Ex-U.S. agent gets over six years for Bitcoin theft in Silk Road probe - warunsl
http://www.reuters.com/article/2015/10/19/us-usa-bitcoin-silkroad-idUSKCN0SD2IA20151019
======
Pyxl101
The level of corruption is indeed staggering:

> According to a government document, Force, operating as "Nob," in August
> 2013 convinced Ulbricht to pay him $50,000 in bitcoins by pretending he had
> information on the investigation. While Force reported the discussion to the
> DEA, he falsely claimed no payment had been made but instead diverted the
> bitcoins to a personal account, prosecutors said. Force, also without
> authorities' knowledge, used another online moniker, "French Maid," and
> offered Ulbricht information on the investigation for about $98,000 in
> bitcoins in September 2013, prosecutors said.

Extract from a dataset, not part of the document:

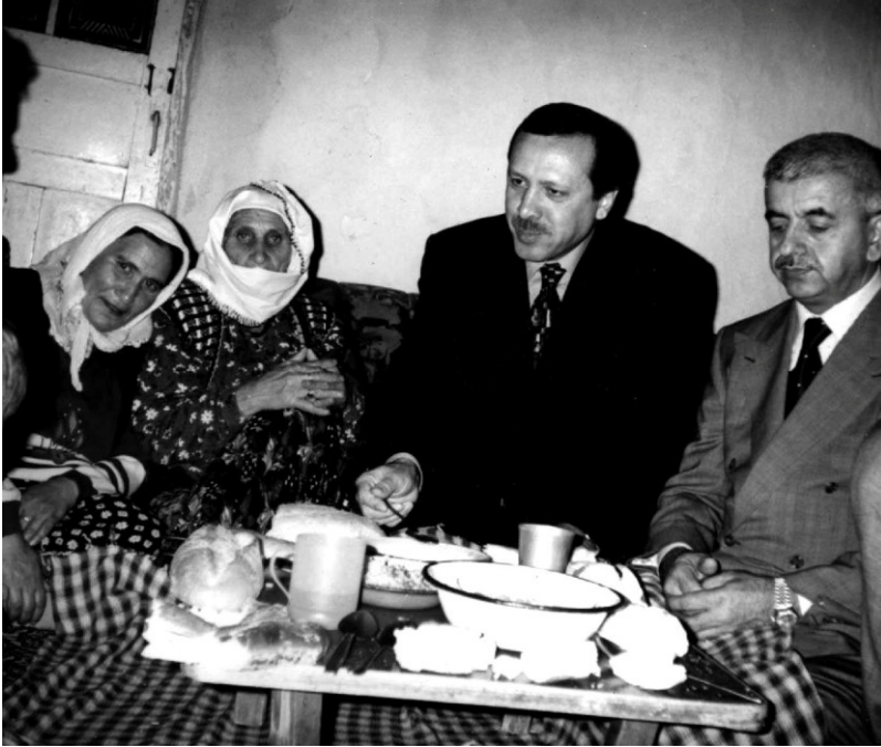
أردوغان يأكل مع الفقراء مما يأكلون، ويشرب مما يشربون
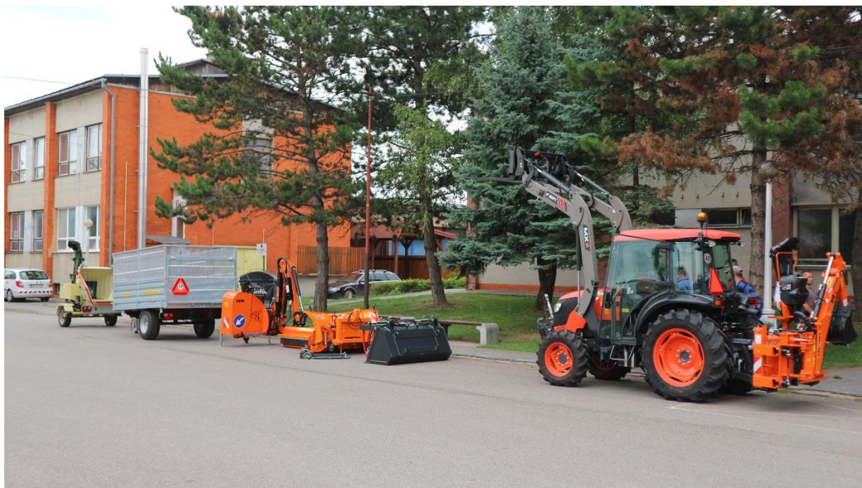
Zakúpený traktor a príslušné zariadenia z transferu.

Obec Beluša na základe zmluvy č. OPKZP-PO1SC111-2016-11/13 uzatvorenej medzi Ministerstvom životného prostredia Slovenskej republiky a Obcou Beluša prijala transfer na financovanie projektu „podpora zhodnocovania biologicky rozložiteľného komunálneho odpadu v obci Beluša“ v sume 103 759,00 Eur. Finančná spoluúčasť obce na tomto projekte bola 5 %.

The guy was playing both sides. How can his testimony against Ulbricht be
considered trustworthy at this point? I haven't followed the Silk Road case
closely, but from my not-carefully-examined position, it seems like the
government waited to bring charges against Force until after their case
against Ulbricht was well on its way, or had already concluded. I wonder if
the case against Ulbricht would have gone differently had he been able to
challenge the credibility of the witnesses against him based on what we know
today, that they are guilty of these crimes. I also wonder whether Ulbricht's
prosecution knew about Force's crimes at the time, and I wonder whether that
was disclosed to Ulbricht.

Where does this all leave Ulbricht?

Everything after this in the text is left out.